OWASP LLM Top 10 2025: What Changed and What It Means for Azure AI Deployments
The OWASP LLM Top 10 2025 revision reshuffled the risk landscape: prompt injection dropped to second place, unbounded consumption is new, and system prompt leakage got its own category. If you run Azure OpenAI or AI Foundry workloads, every change maps to specific controls you either have or are missing. This guide breaks down each updated risk with Azure-native mitigations, detection queries, and the controls that actually close the gaps.
The 2025 Reshuffle Nobody Expected
The first OWASP LLM Top 10 (2023) put prompt injection at the top spot and treated everything else as secondary. The 2025 revision tells a different story. Prompt injection moved to LLM02. The new number one is LLM01: Excessive Agency. Unbounded Consumption is entirely new at LLM10. System Prompt Leakage got its own dedicated category instead of being folded into prompt injection. Vector and Embedding Weaknesses replaced Insecure Output Handling.
These are not cosmetic shuffles. Each change reflects real-world incidents that the original list did not adequately address. The 2023 list was built on theoretical threat models. The 2025 list is built on production failures.
If you operate Azure OpenAI, AI Foundry, or any LLM-backed application on Azure, every risk in this updated list maps to specific controls. Some you already have. Some you are probably missing. This guide maps each LLM risk to the Azure control plane and gives you the detection queries and policy configurations to close the gaps.

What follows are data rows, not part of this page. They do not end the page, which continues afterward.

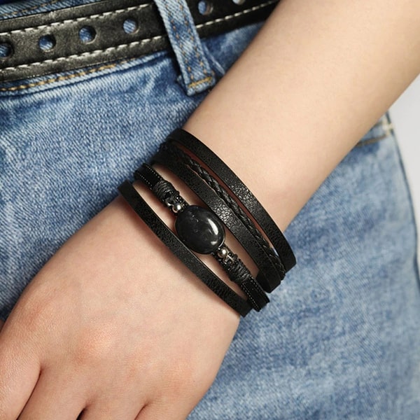 You'll love the style of this women's black pearl leather bracelet.
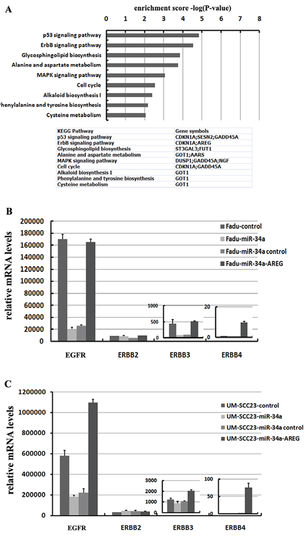 Figure 8: miR-34a involves in ErbB pathway though suppressing AREG. (A) 32 co-down-regulated mRNAs with log2 fold change ≤ –0.3, were subjected to KEGG pathway enrichment analysis. (B) Re-expression AREG reversed miR-34a induced EGFR and ErbB3 down-regulation in Fadu cell lines. (C) Re-expression AREG reversed miR-34a induced EGFR down-regulation in UM-SCC-23 cell lines.
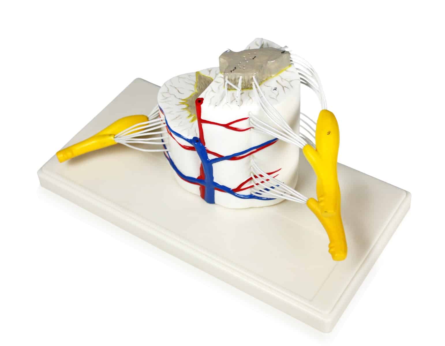 This spinal cord model is 5X life-size and is sectioned both longitudinally and in cross-section to show the anterior and posterior nerve roots, ganglia and blood vessels. Mounted on a base.
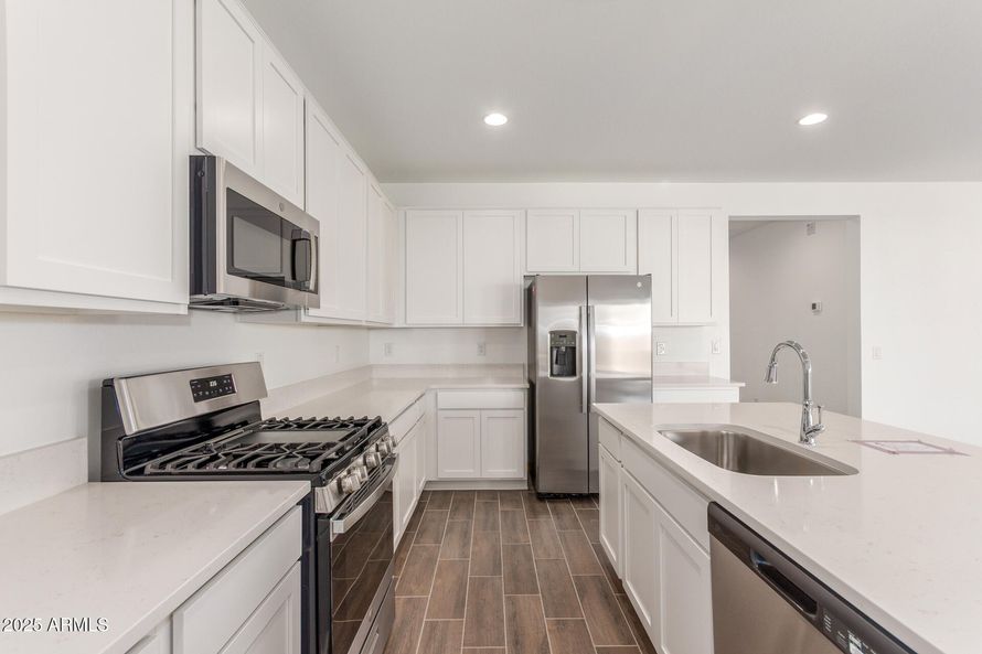 The stunning Slate plan opens with two bedrooms flanking a full hall bath. Beyond the entry, you'll find an open layout offering a dining nook, a great room with access to an inviting covered patio, and a kitchen with a center island, walk-in pantry and abundant cabinetry. The primary suite is...

What Changed: 2023 vs. 2025 Side-by-Side
| 2025 Rank | 2025 Risk | 2023 Rank | 2023 Risk | What Changed |
|---|---|---|---|---|
| LLM01 | Excessive Agency | LLM08 | Excessive Agency | Promoted: agentic AI made this the top real-world failure |
| LLM02 | Prompt Injection | LLM01 | Prompt Injection | Demoted: still critical, but agency failures cause more damage |
| LLM03 | Supply Chain Vulnerabilities | LLM05 | Supply Chain Vulnerabilities | Promoted: model poisoning incidents increased 300% |
| LLM04 | Data and Model Poisoning | LLM03 | Training Data Poisoning | Expanded: now includes inference-time data poisoning (RAG) |
| LLM05 | Improper Output Handling | LLM02 | Insecure Output Handling | Renamed and slightly demoted |
| LLM06 | Excessive Disclosure | LLM06 | Sensitive Information Disclosure | Renamed: broader scope including system prompt leakage |
| LLM07 | System Prompt Leakage | New | N/A | New category: extracted from prompt injection |
| LLM08 | Vector and Embedding Weaknesses | New | N/A | New category: RAG-specific attacks |
| LLM09 | Misinformation | LLM09 | Overreliance | Renamed: focus shifted from user behavior to model output |
| LLM10 | Unbounded Consumption | New | N/A | New category: resource exhaustion and denial of wallet |
LLM01: Excessive Agency
Why It Is Number One Now
In 2023, most LLM deployments were chat interfaces with no tool access. In 2025, agentic architectures are in production: LLMs that call APIs, execute code, query databases, and trigger workflows. When an agent has more permissions than it needs, a single manipulated prompt can cause the agent to take real-world actions the user never intended.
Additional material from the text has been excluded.